会いたいときに会えない人を好きになっても、発展しようがないもんなあと、真っ黒な空を眺めて溜息をついた。
****
秋になった途端に、リクルートスーツでうろうろしている子たちをよく見るようになった。
就職活動も年々早まり、気付けば三年の秋にはもうはじまっているという。
学生の本分は勉強のはずだし、学生のときにしかできないこともあるはずなのに、なんでもかんでも世知辛いなと思う。
大阪でも合同説明会やら企業訪問やらがあるせいなのか、このところ地下道を歩いていてもやけに迷子に捕まって、途中まで同行することが増えていた。

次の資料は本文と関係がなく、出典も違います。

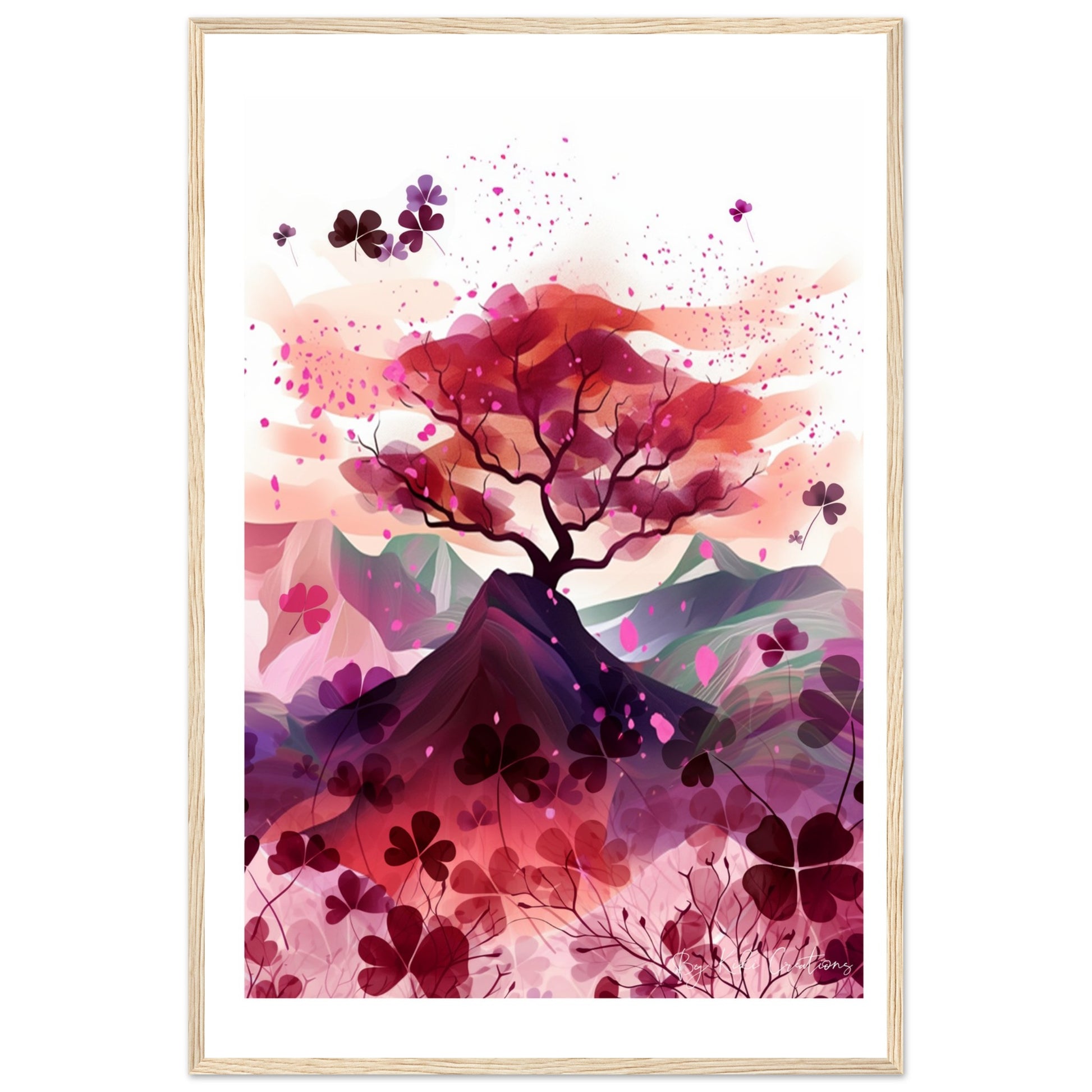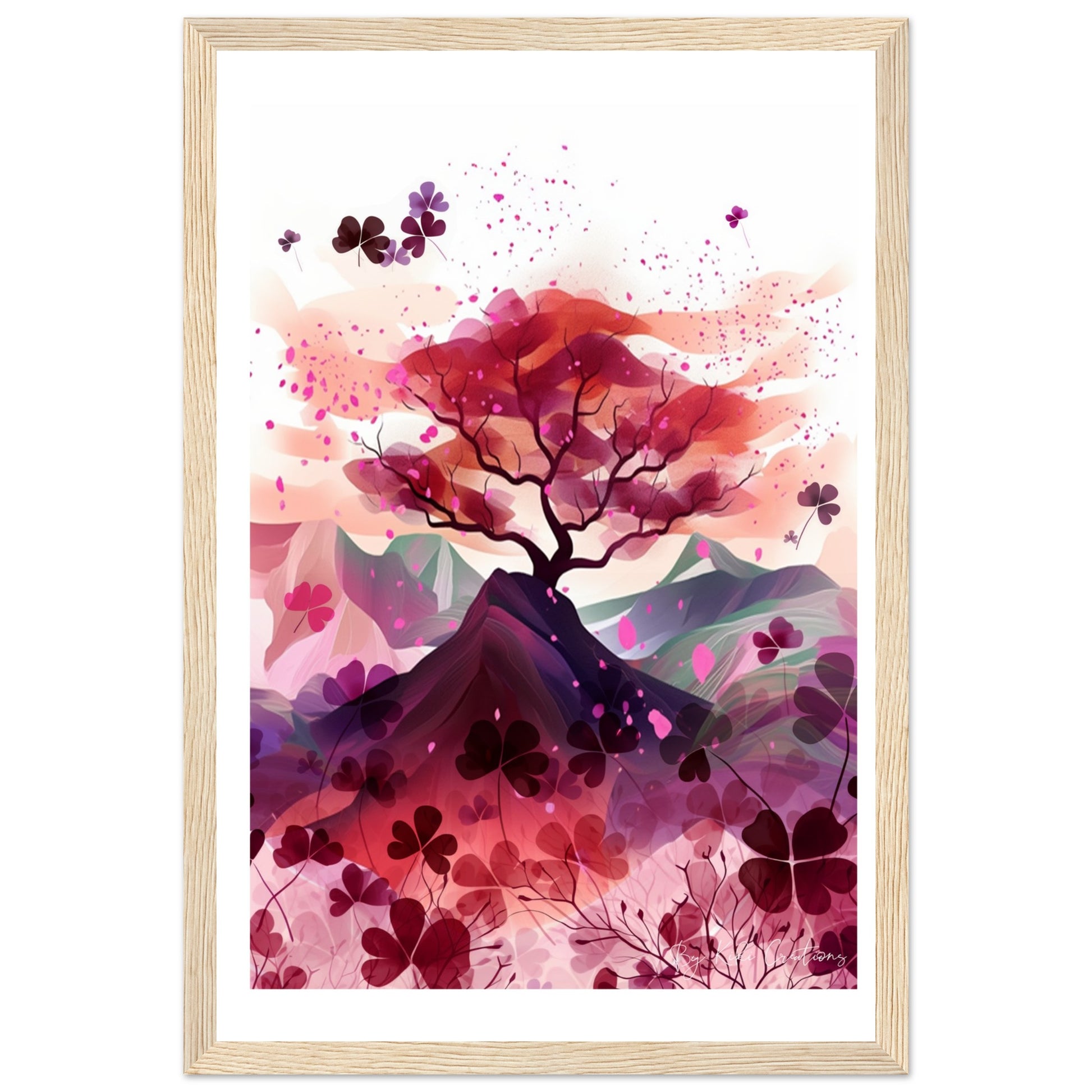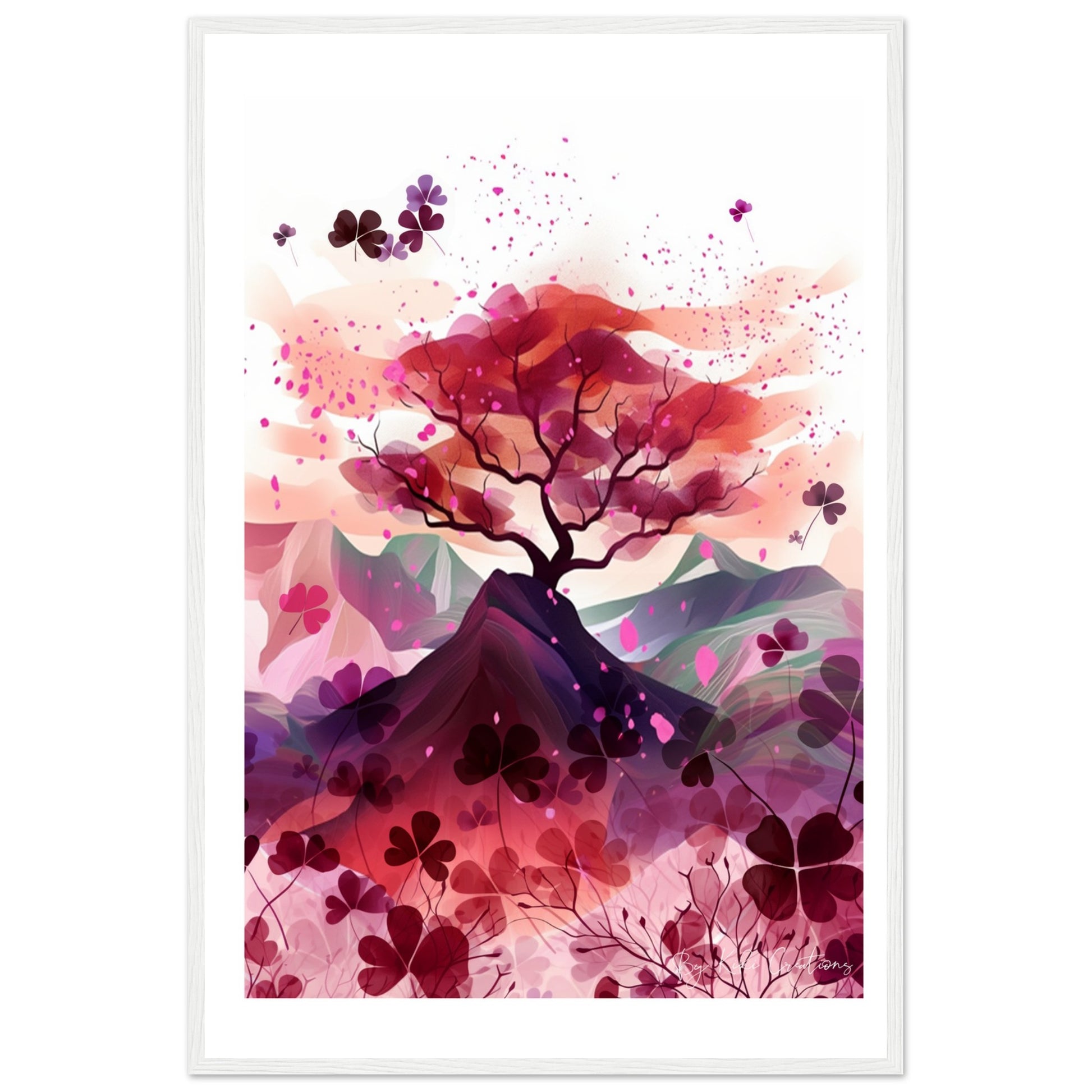 - The centerpiece of the piece is the cherry blossom tree, its delicate pink and white blossoms casting a soft, ethereal glow against the pink and purple shamrock leaves (purposefully and not stereotypical green). The tree's branches stretch gracefully, intertwining with the shamrocks, creating a sense of unity and balance.
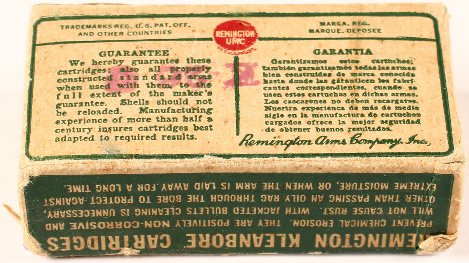 Remington, Kleanbore, .25 Stevens Short Rim Fire, Partial 44rds., 1pc. Green red & white box, box has sticker covering top of box with no end flaps, so ammo only ammo is excellent. AMMO is Grade: Excellent - Value: 20 to 100
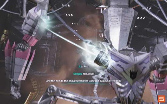 然后则是分别启动两边的装备系统,按S将威震天的两个双臂组合到他的身体之上。这里注意装备全程要持续白光,如果出现红光则说明装配失败,再来一次即可。玩家可通过鼠标移动来保证安全的白光

それを多岐川さんに言ったら、当然ながら笑われてしまった。
「なんというか、神奈さんは聞きやすい雰囲気が出ているのかもねえ」
「そうなんですかね? 普通ってそこまで人に声をかけられたりしないんですか?」
「しないしない。私なんて、生まれも育ちも大阪だから、大概の場所には案内してあげられるんだけれど、なぜか聞きに来ないんだよねえ」
そんなもんなのか。
私は泣きそうになりながら、スマホの地図アプリやら、プリントアウトした地図やらを持ってうろうろしている子たちに、会場を教えつつ、日々を過ごしている。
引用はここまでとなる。